_What is required:_
Reproduce exactly, from the data that follows, the line with "city. 2016 Sep.", the line with "Church Kincardine Parish", and every line that lies between them.

_Excerpted records:_
↓↓↓

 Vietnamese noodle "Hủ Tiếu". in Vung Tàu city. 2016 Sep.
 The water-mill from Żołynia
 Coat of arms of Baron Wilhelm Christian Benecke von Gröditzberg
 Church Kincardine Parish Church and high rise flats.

↑↑↑
↓↓↓

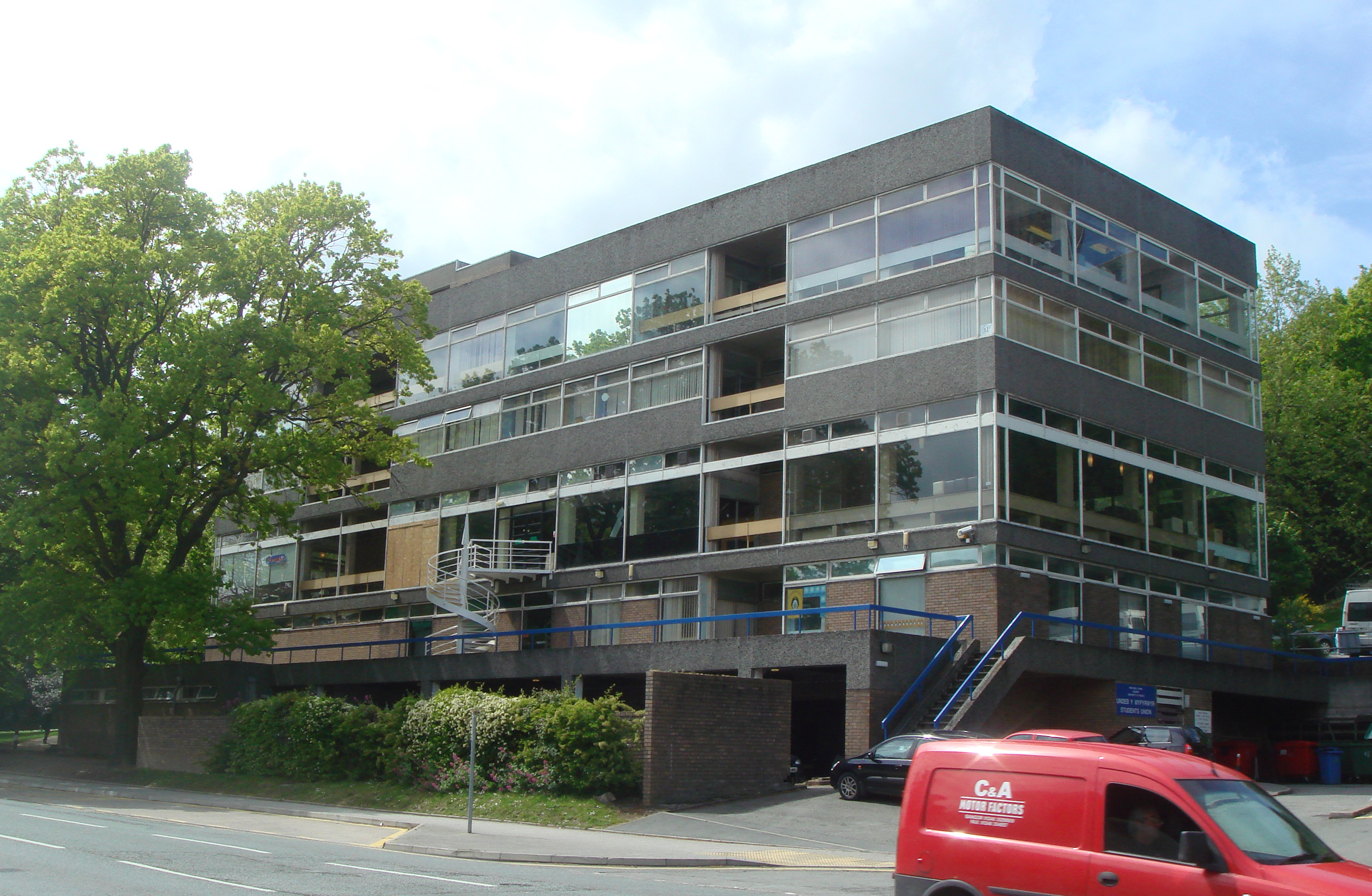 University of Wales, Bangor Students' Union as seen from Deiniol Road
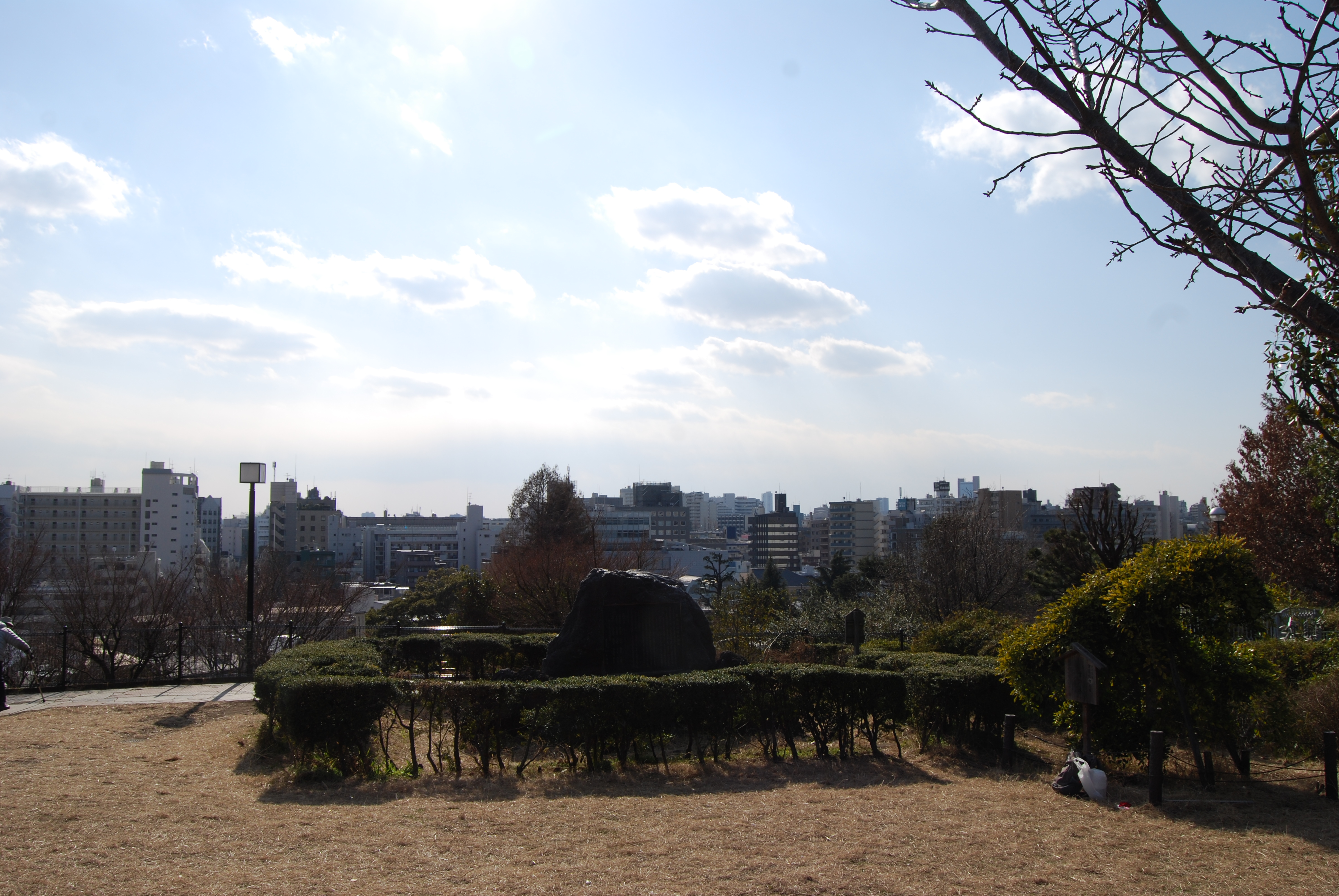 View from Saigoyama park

↑↑↑

_Response:_
 Vietnamese noodle "Hủ Tiếu". in Vung Tàu city. 2016 Sep.
 The water-mill from Żołynia
 Coat of arms of Baron Wilhelm Christian Benecke von Gröditzberg
 Church Kincardine Parish Church and high rise flats.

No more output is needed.